Summary of the decision in respect of the First Issue
48 In sum, this court considers that the prevailing judicial approach in a setting aside application taken out pursuant to section 27(5) of the SOPA is such that the court should play a limited role as envisaged by Prakash J in SEF Construction Pte Ltd and endorsed by the Court of Appeal in Lee Wee Lick Terence (and also Citiwall Safety Glass Pte Ltd). Flowing from that, this court has found no valid reason to embark on a review of the adjudicator’s decision relating to the validity of the Payment Response.
The Second Issue and the Third Issue
49 In the light of this court’s decision in relation to the First Issue, this court will make no specific finding in relation to the Second Issue and the Third Issue (see [20(b)]-[20(c)] above).

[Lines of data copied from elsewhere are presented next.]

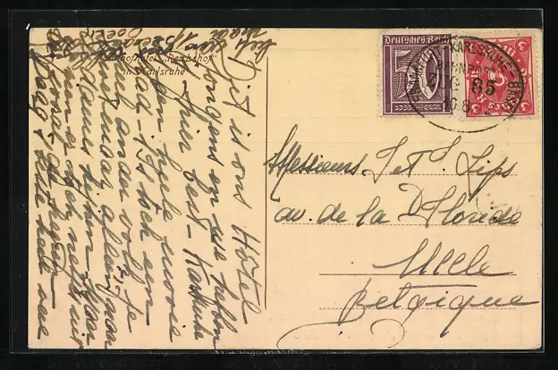 Personenbezogene Daten auf der Rückseite der Karte wurden durch blauen Textmarker unkenntlich gemacht. Die blauen Stellen sind auf die Vorderseite durchgeweicht und wirken sich negativ auf das Postkartenfoto aus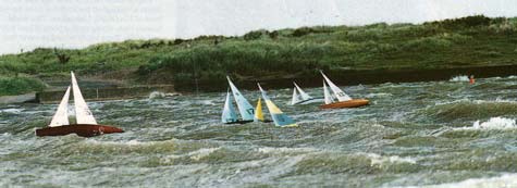 Serious model yacht racing does however have its moments and this photograph above) (maybe by Mike Kemp, I’m not sure) taken at Fleetwood, UK on a one metre day when the wind was blowing a right hoolie and white cap water was everywhere is a spectacular one. Cleared for my use years ago by that lovely man, the late John Cundell who at the time edited Model Boats, it shows the `lunatic weather extremes’ that the serious and dedicated model yacht racer is often prepared to go to in pursuit of competitive edge and glory ! Had I been there I would have proudly saluted them had I been able to get my hand up in the `force whatever’ breeze it appears to have been, in order to do have done so !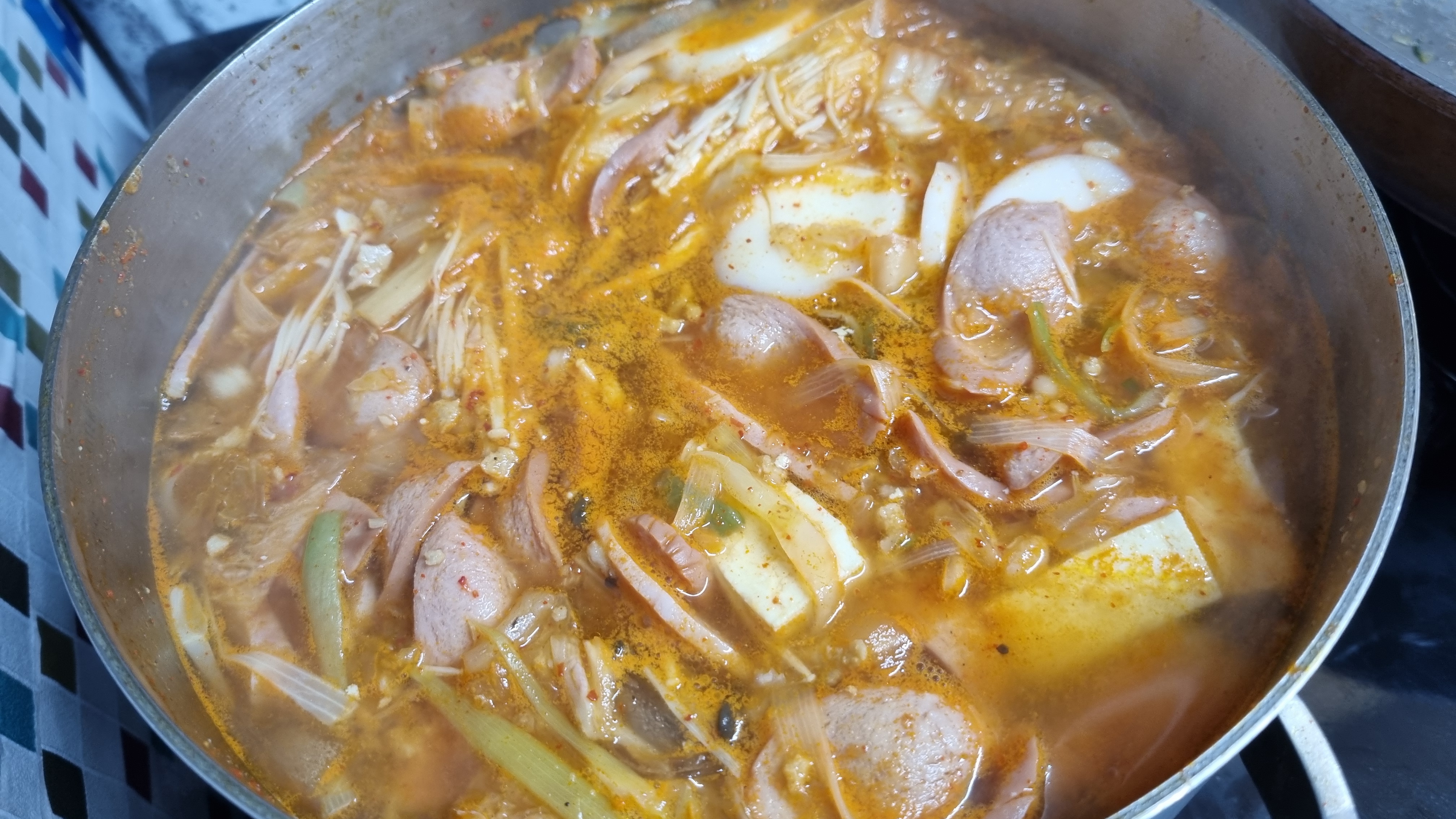 이렇게 물도 추가하고 기타 추가한 재료들을 모두 넣은 모습니다. 김치와 스팸을 넣어 별도로 간을 맞추기 위해 추가로 넣은 양념은 없습니다.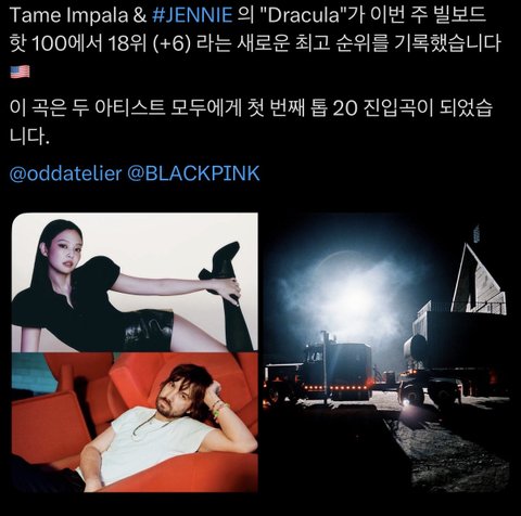 정병들이 제니 후려쳐봤자 리믹스가 원곡보다 미국 성적 월등히 좋아서 크레딧 인정된 거고 테임임팔라 빌보드200 첫 top10 진입이자 빌보드 핫백 커하임 지들이 봐도 제니덕이니까 열폭할만해ㅋㅋㅋㅋㅋㅋㅋ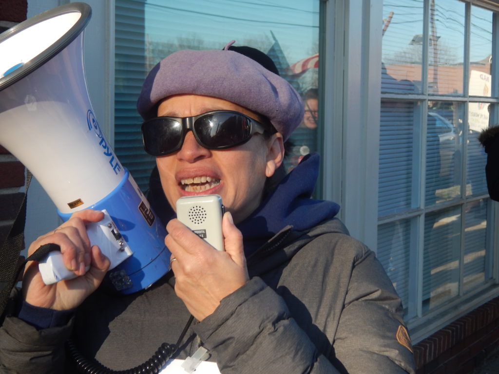 Beverly Brown Ruggia (pictured), community reinvestment organizer for New Jew Jersey Citizen Action was on the bullhorn.
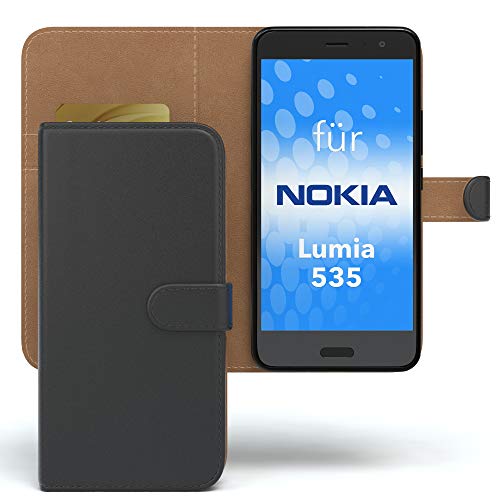 EAZY CASE Hülle für Nokia Lumia 535 Bookstyle mit Standfunktion, Book-Style Case aufklappbar, Schutzhülle, Flipcase, Flipstyle, Flipcover mit 2 Kartenfächern aus Kunstleder, Schwarz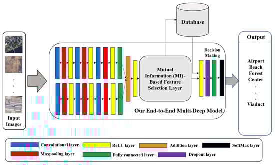 Our methodology centers on the innovative concept of single-input multimodal fusion for scene recognition, departing from traditional single-modal approaches. Figure 1 shows the block diagram of the proposed multi-deep model for scene recognition. As shown in the figure, the input images are fed directly to the proposed multi-deep model. Then, the features are extracted from the first fully connected layer and fused using an addition technique. To optimize feature representations, we employ MI-based feature selection. These refined features are then incorporated as an additional layer into the model, and recognition is performed using the SoftMax layer. An additional layer in the model greatly improves scene identification feature relevancy. Through a systematic evaluation of feature significance and selection of the most relevant features, we can improve model accuracy and efficiency by lowering feature space dimensionality. This approach harnesses synergistic information from multiple modalities, improving feature quality and scene recognition performance. All steps of the model are discussed in the following subsections.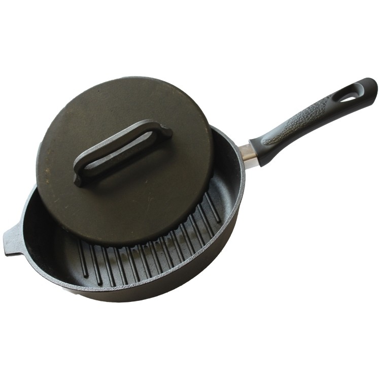 Сковорода-гриль чугунная d28см. Камская Г8063 бакелит. ручка, чугунн. крышка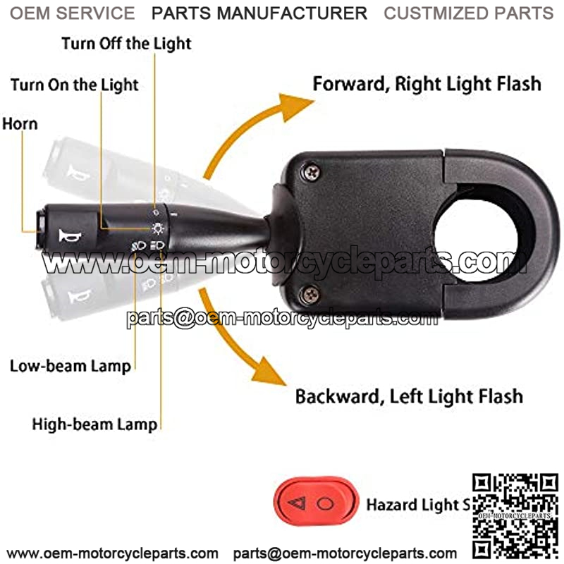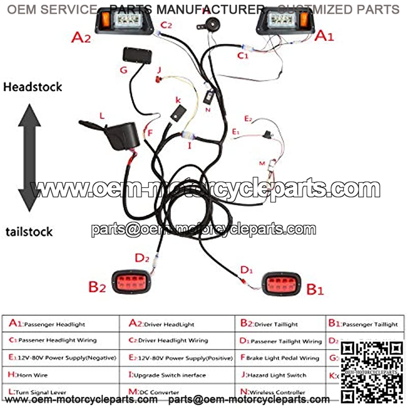 Kit includes: 2* LED front headlight, 2* LED taillight, 1* horn, 1* turn signal lever with headlight/horn switch, 1* steering column cover, 1* brake pad, 1* plug & play wiring harness, 1* screw set, 1* installation instructions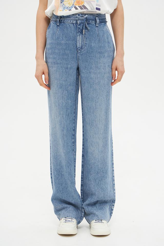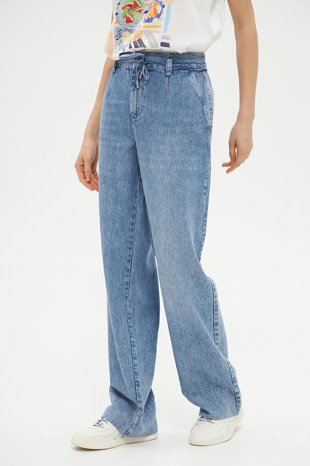 Женские джинсы Monari голубого цвета, выполнены в широком крое и с высокой посадкой. Модель отличается оригинальным дизайном с защипами и поясом на завязках, что обеспечивает комфортную посадку и стильный вид. Состав: лиоцел 100%

Nevertheless, for completeness particularly with regard to the Third Issue, this court will repeat its views expressed earlier that there is no basis upon which the Defendant could launch a challenge premised either on a “jurisdictional error” (see [39]-[44] above) or a breach of the rules of natural justice (see [46]-[47] above) committed by the adjudicator in question.
Conclusion
50 For the reasons stated above, the Application is dismissed. I will hear the parties on the issue of costs.
Colin Seow
Assistant Registrar
Liow Wang Wu Joseph and Charlene Cheam (M/s Straits Law Practice LLC) for the Plaintiff;
Chong Yew Meng Luke and Ng Ser Chiang (M/s Elitaire Law LLP) for the Defendant.